* Task to complete:
Could you repeat the entries below exactly, but only from the line with "Women’s long socks" through the line with "- Specify the", and without any picture?

* Supplied records:

━━━━━━━━━━

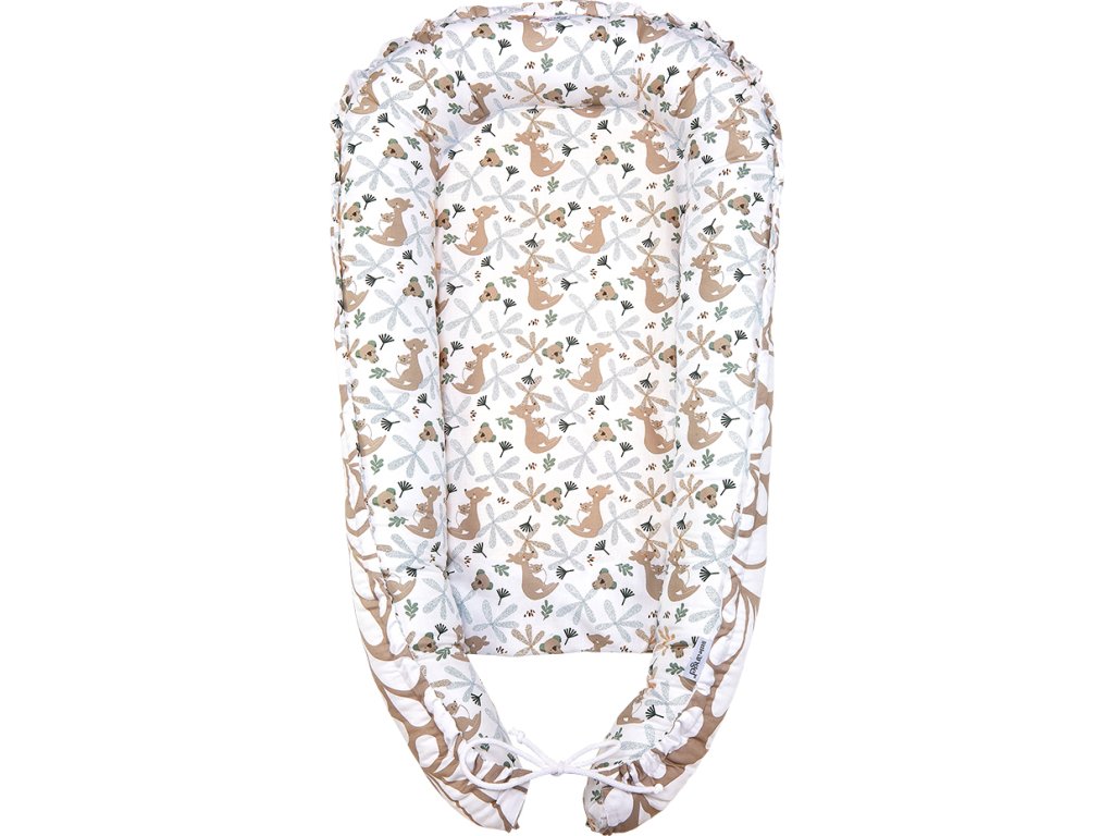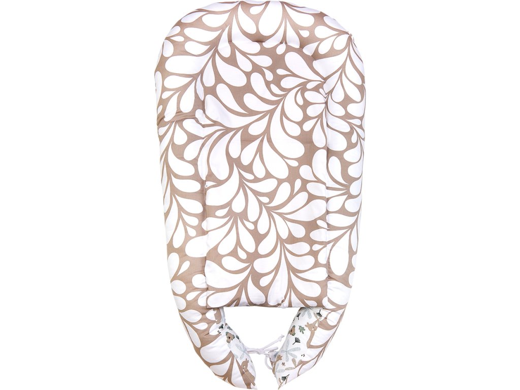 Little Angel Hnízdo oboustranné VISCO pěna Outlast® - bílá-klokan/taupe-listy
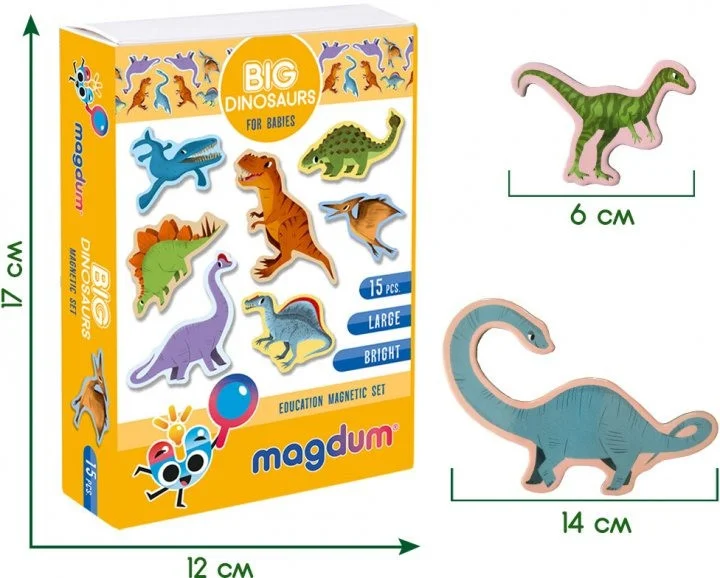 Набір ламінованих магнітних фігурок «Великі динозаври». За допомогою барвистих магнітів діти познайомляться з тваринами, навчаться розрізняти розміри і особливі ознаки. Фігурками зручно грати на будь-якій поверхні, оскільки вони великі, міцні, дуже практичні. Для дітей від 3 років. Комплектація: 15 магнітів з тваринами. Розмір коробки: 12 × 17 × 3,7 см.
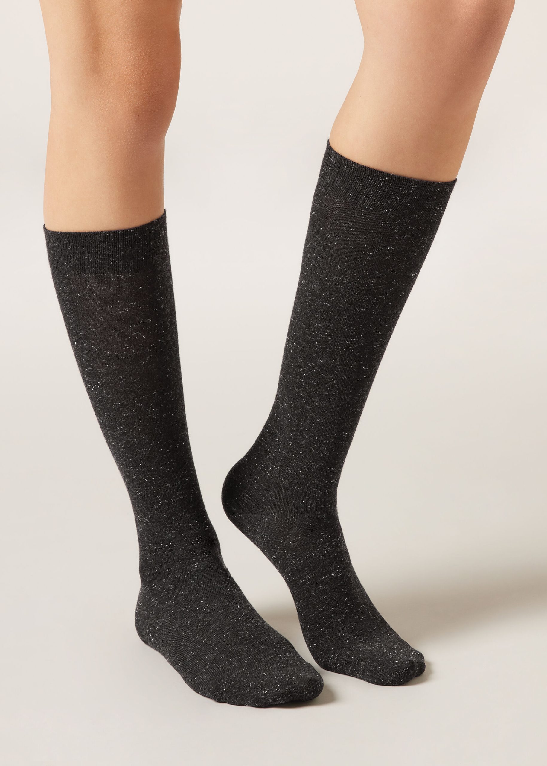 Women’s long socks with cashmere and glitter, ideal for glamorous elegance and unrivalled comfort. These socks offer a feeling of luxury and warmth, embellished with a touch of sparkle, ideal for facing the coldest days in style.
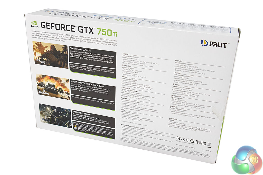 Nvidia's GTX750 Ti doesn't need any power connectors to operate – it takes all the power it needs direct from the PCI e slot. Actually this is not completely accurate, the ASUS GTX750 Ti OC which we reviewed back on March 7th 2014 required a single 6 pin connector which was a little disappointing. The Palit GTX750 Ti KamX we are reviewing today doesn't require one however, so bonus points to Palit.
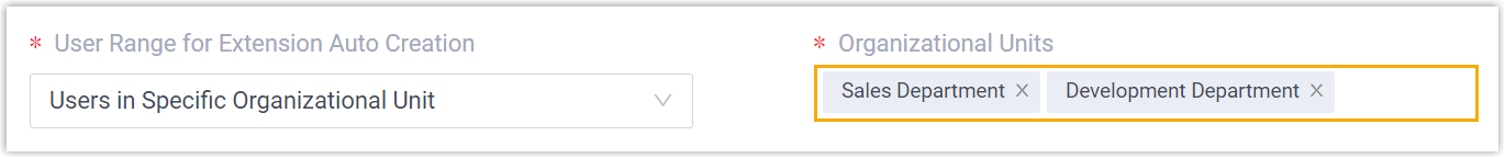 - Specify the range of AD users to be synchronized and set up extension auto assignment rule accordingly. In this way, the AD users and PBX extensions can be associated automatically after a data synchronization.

━━━━━━━━━━

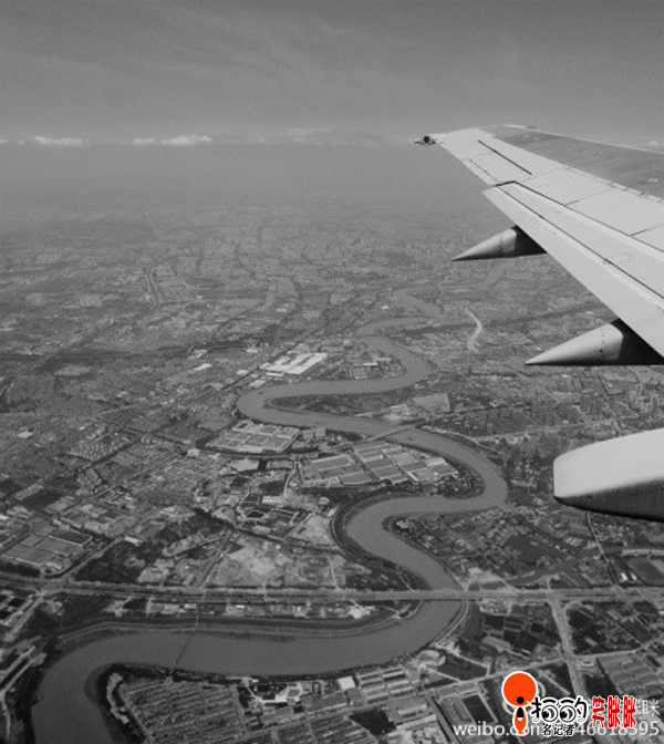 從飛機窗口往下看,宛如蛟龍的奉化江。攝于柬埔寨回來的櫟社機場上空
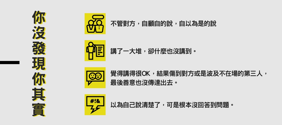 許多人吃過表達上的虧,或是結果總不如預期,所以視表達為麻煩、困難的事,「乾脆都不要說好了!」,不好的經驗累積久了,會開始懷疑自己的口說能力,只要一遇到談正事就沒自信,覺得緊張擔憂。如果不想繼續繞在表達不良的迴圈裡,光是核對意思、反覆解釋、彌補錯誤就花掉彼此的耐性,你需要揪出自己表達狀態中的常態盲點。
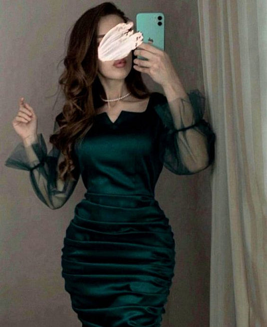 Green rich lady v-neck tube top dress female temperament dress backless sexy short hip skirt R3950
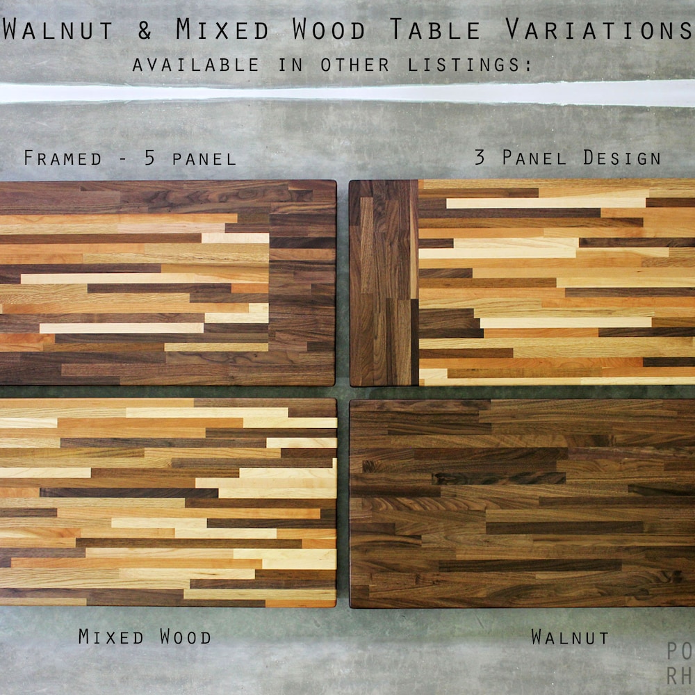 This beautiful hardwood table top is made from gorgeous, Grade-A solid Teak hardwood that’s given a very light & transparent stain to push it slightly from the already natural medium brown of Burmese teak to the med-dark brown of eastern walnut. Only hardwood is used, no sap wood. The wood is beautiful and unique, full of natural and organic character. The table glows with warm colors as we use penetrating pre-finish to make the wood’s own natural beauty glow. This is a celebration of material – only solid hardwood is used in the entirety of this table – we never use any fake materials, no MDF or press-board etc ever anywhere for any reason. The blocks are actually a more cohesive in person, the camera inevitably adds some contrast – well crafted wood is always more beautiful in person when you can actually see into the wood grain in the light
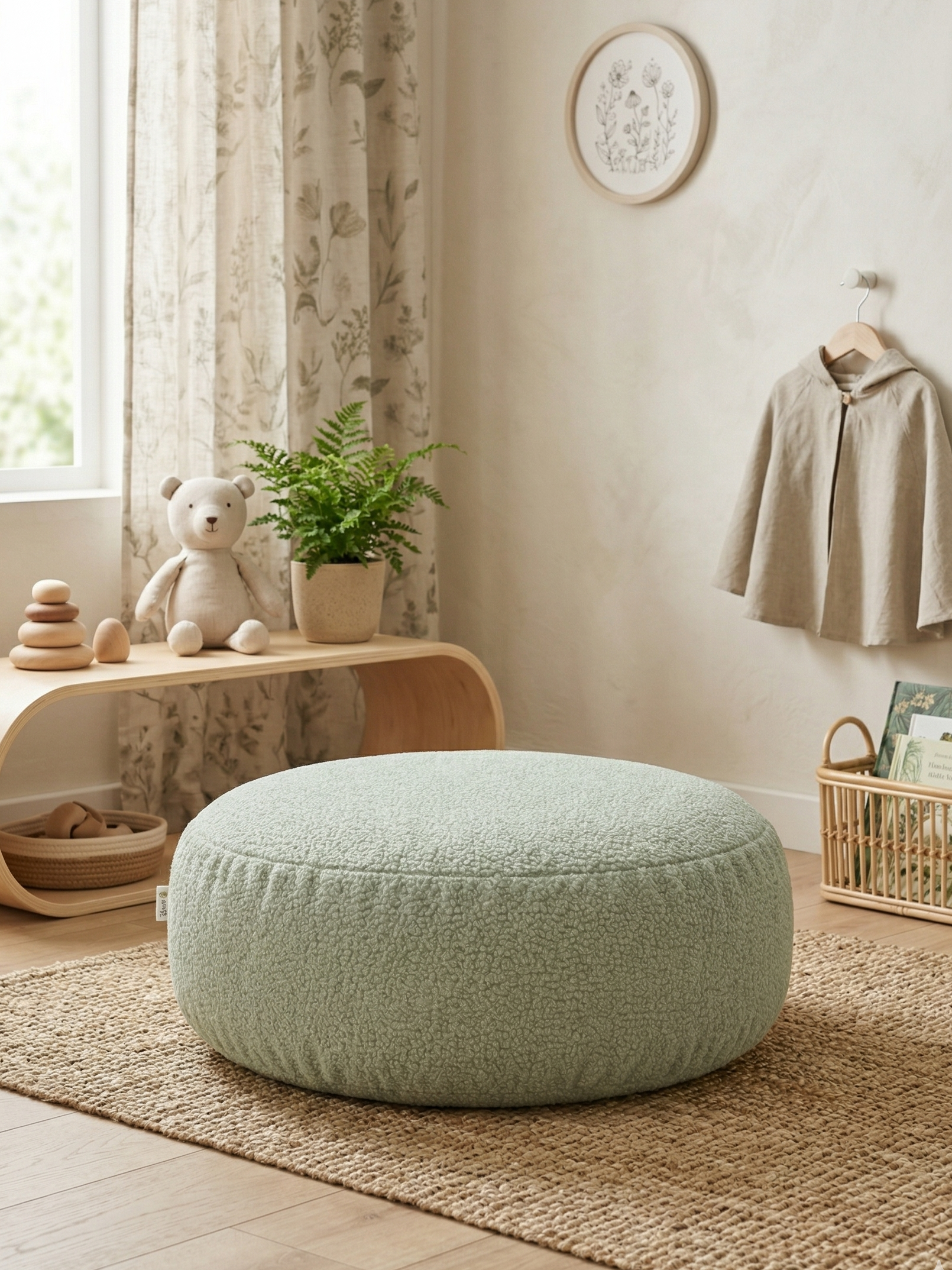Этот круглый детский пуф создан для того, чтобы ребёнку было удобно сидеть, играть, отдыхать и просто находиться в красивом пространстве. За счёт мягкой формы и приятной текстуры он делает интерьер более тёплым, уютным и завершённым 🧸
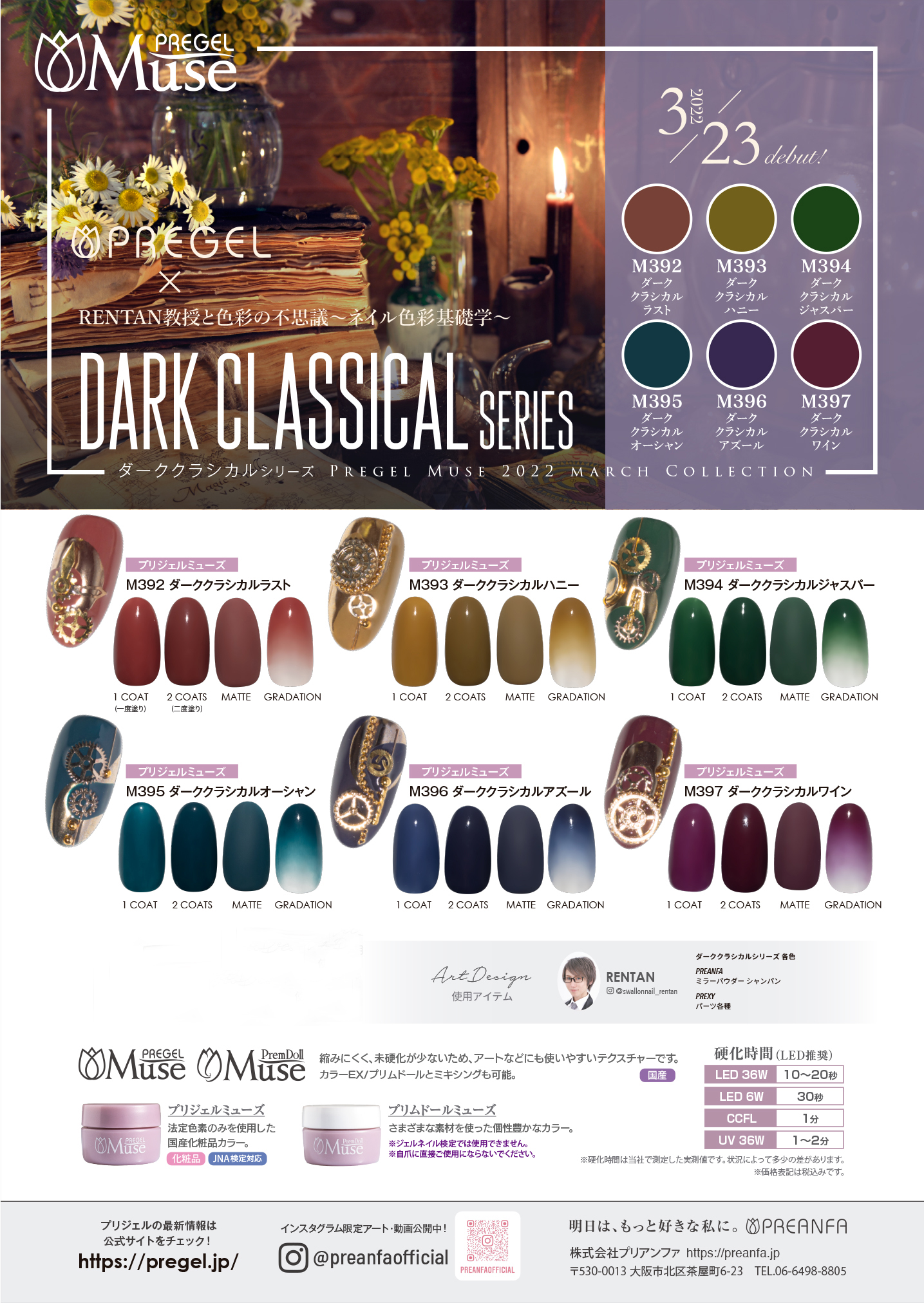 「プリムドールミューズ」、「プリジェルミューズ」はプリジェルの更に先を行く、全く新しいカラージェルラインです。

━━━━━━━━━━

* Result for this exercise:
 Women’s long socks with cashmere and glitter, ideal for glamorous elegance and unrivalled comfort. These socks offer a feeling of luxury and warmth, embellished with a touch of sparkle, ideal for facing the coldest days in style.
 Nvidia's GTX750 Ti doesn't need any power connectors to operate – it takes all the power it needs direct from the PCI e slot. Actually this is not completely accurate, the ASUS GTX750 Ti OC which we reviewed back on March 7th 2014 required a single 6 pin connector which was a little disappointing. The Palit GTX750 Ti KamX we are reviewing today doesn't require one however, so bonus points to Palit.
 - Specify the range of AD users to be synchronized and set up extension auto assignment rule accordingly. In this way, the AD users and PBX extensions can be associated automatically after a data synchronization.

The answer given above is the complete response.